**WORK REQUIRED**
The listing below contains a span that opens with the line containing "Säljer en snygg" and closes with the line containing "Selbstgenähter, unbenutzter Nikolausstiefel". Return that span exactly.

**INFORMATION PROVIDED**
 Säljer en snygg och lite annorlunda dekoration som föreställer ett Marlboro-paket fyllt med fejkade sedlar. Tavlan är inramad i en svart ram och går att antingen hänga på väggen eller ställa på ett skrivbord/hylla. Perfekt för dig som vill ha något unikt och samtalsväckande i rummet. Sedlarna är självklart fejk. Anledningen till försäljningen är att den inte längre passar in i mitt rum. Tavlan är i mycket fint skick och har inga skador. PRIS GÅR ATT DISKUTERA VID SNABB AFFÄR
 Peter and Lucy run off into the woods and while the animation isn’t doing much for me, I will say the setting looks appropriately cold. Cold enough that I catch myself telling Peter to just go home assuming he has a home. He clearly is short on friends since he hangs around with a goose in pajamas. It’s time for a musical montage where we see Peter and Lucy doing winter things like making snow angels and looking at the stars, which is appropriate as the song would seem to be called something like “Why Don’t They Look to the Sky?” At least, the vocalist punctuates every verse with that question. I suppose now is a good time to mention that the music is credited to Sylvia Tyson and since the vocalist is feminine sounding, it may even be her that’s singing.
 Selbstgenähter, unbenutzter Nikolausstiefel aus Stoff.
...
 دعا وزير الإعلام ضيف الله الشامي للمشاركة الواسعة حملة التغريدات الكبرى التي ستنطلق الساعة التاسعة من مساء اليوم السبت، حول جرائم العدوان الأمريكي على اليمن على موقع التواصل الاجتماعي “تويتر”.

**RESULT OF THIS TASK**
 Säljer en snygg och lite annorlunda dekoration som föreställer ett Marlboro-paket fyllt med fejkade sedlar. Tavlan är inramad i en svart ram och går att antingen hänga på väggen eller ställa på ett skrivbord/hylla. Perfekt för dig som vill ha något unikt och samtalsväckande i rummet. Sedlarna är självklart fejk. Anledningen till försäljningen är att den inte längre passar in i mitt rum. Tavlan är i mycket fint skick och har inga skador. PRIS GÅR ATT DISKUTERA VID SNABB AFFÄR
 Peter and Lucy run off into the woods and while the animation isn’t doing much for me, I will say the setting looks appropriately cold. Cold enough that I catch myself telling Peter to just go home assuming he has a home. He clearly is short on friends since he hangs around with a goose in pajamas. It’s time for a musical montage where we see Peter and Lucy doing winter things like making snow angels and looking at the stars, which is appropriate as the song would seem to be called something like “Why Don’t They Look to the Sky?” At least, the vocalist punctuates every verse with that question. I suppose now is a good time to mention that the music is credited to Sylvia Tyson and since the vocalist is feminine sounding, it may even be her that’s singing.
 Selbstgenähter, unbenutzter Nikolausstiefel aus Stoff.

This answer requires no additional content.